Your brain is roughly 2% of your body weight but uses 20% of your energy. It processes 70,000 thoughts per day, stores an estimated 2.5 petabytes of information, and forms connections between 86 billion neurons. Cognitive function is the umbrella term for how well this extraordinary organ does its job — and the choices you make today directly shape how well it performs decades from now.
What Cognitive Function Includes
Cognitive function is not one thing — it is a collection of mental processes:
- Memory: Encoding, storing, and retrieving information (working memory, long-term memory, episodic memory)
- Attention: Sustained focus, selective attention, divided attention
- Executive function: Planning, decision-making, impulse control, cognitive flexibility
- Processing speed: How quickly you take in and respond to information
- Language: Word finding, comprehension, verbal fluency
- Visuospatial skills: Navigation, spatial reasoning, pattern recognition
Some cognitive decline is a normal part of aging — processing speed peaks in the late teens and gradually slows, while vocabulary and general knowledge continue increasing well into the 60s-70s. But the difference between normal age-related changes and pathological decline (like dementia) is enormous, and lifestyle plays a major role in where you land.
What the Research Says About Protection
Exercise is the single most consistently supported cognitive protector.
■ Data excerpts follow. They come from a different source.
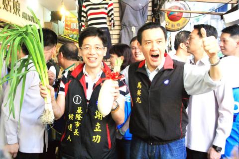President Ma Ying-jeou (馬英九), who doubles as KMT chairman, was in Keelung and Yilan yesterday morning to accompany party candidates canvassing streets for votes before returning to Taipei in the afternoon for KMT Taipei mayoral candidate Sean Lien’s (連勝文) parade.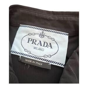Prada Milano Silk Blouse Button Down Ribbon Women’s Size XL Black Stretch *read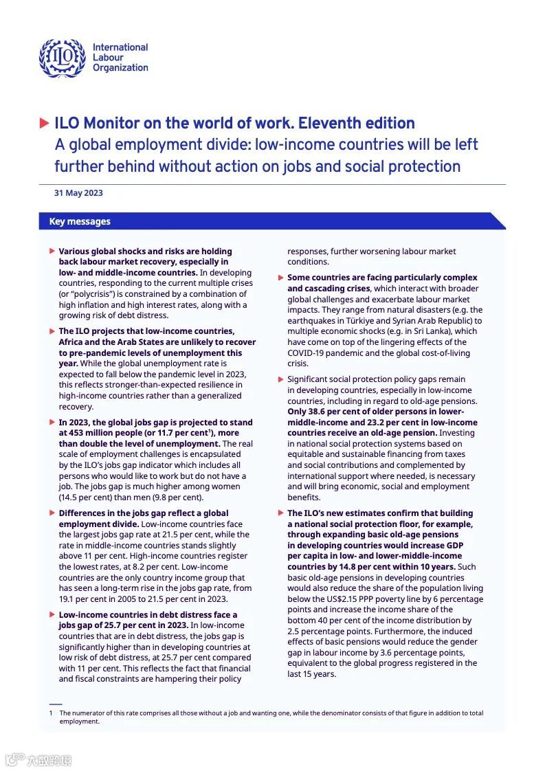 第11版国际劳工组织劳动世界监测报告 199IT互联网数据中心

A 2020 meta-analysis in Neuroscience & Biobehavioral Reviews (PMID: 31837462) found that both aerobic exercise and resistance training improved cognitive function in adults over 50, with the strongest effects on executive function and memory.
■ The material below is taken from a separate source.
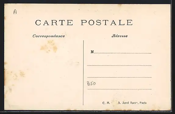 Personenbezogene Daten auf der Rückseite der Karte wurden durch blauen Textmarker unkenntlich gemacht. Die blauen Stellen sind auf die Vorderseite durchgeweicht und wirken sich negativ auf das Postkartenfoto aus

Exercise increases brain-derived neurotrophic factor (BDNF), a protein that promotes neuron growth and survival, and stimulates neurogenesis in the hippocampus (the memory center).
Diet also matters. The MIND diet (a hybrid of Mediterranean and DASH diets) was associated with a 53% reduced risk of Alzheimer's disease in strict adherents, according to research published in Alzheimer's & Dementia (2015, PMID: 25681666).
Sleep is when your brain consolidates memories and clears metabolic waste via the glymphatic system. Chronic sleep deprivation impairs attention, working memory, and decision-making — and may accelerate amyloid plaque accumulation associated with Alzheimer's.
Social engagement and mental stimulation (learning new skills, reading, puzzles, bilingualism) build cognitive reserve — the brain's resilience against damage.
The Threats
- Chronic stress: Sustained cortisol exposure shrinks the hippocampus and impairs prefrontal cortex function.
- Sedentary lifestyle: Physical inactivity is now recognized as a modifiable risk factor for dementia.
- Poor cardiovascular health: What is bad for your heart is bad for your brain. Hypertension, diabetes, and high cholesterol all increase dementia risk.
- Social isolation: A 2020 Lancet Commission identified social isolation as one of 12 modifiable risk factors for dementia.
- Excessive alcohol: Heavy drinking causes direct neurotoxic damage and brain atrophy.
When to See a Neurologist
Normal aging: occasionally forgetting where you put your keys. Concerning: forgetting what keys are for. See a doctor if you or loved ones notice progressive memory loss that interferes with daily tasks, difficulty following conversations or instructions, getting lost in familiar places, personality or mood changes, or confusion about time or place.
Early evaluation matters. While there is no cure for most dementias, early detection allows for treatment planning, clinical trial enrollment, and maximizing quality of life.
The Bottom Line
Cognitive function is not fixed — it is shaped by how you move, eat, sleep, connect, and manage stress. The brain is remarkably responsive to lifestyle choices at every age.
FAQ
Do brain training apps actually work? They improve performance on the specific tasks they train, but evidence for transfer to real-world cognitive function is weak. A 2016 review in Psychological Science in the Public Interest concluded that broad cognitive benefits from brain training programs are not supported. Learning new skills and physical exercise have stronger evidence.
At what age does cognitive decline start? Processing speed begins declining in the late 20s. Most other cognitive functions remain stable or improve until the 60s-70s, when gradual decline becomes more noticeable. Significant decline is not inevitable.
Can you reverse cognitive decline? Mild cognitive changes may be slowed or modestly improved with exercise, sleep optimization, social engagement, and treatment of underlying conditions (depression, sleep apnea, thyroid disorders). For established neurodegenerative disease, current treatments focus on slowing progression.
A note from Living & Health: We're a lifestyle and wellness magazine, not a doctor's office. The information here is for general education and entertainment — not medical advice. Always talk to a qualified healthcare professional before making changes to your health routine, especially if you have existing conditions or take medications.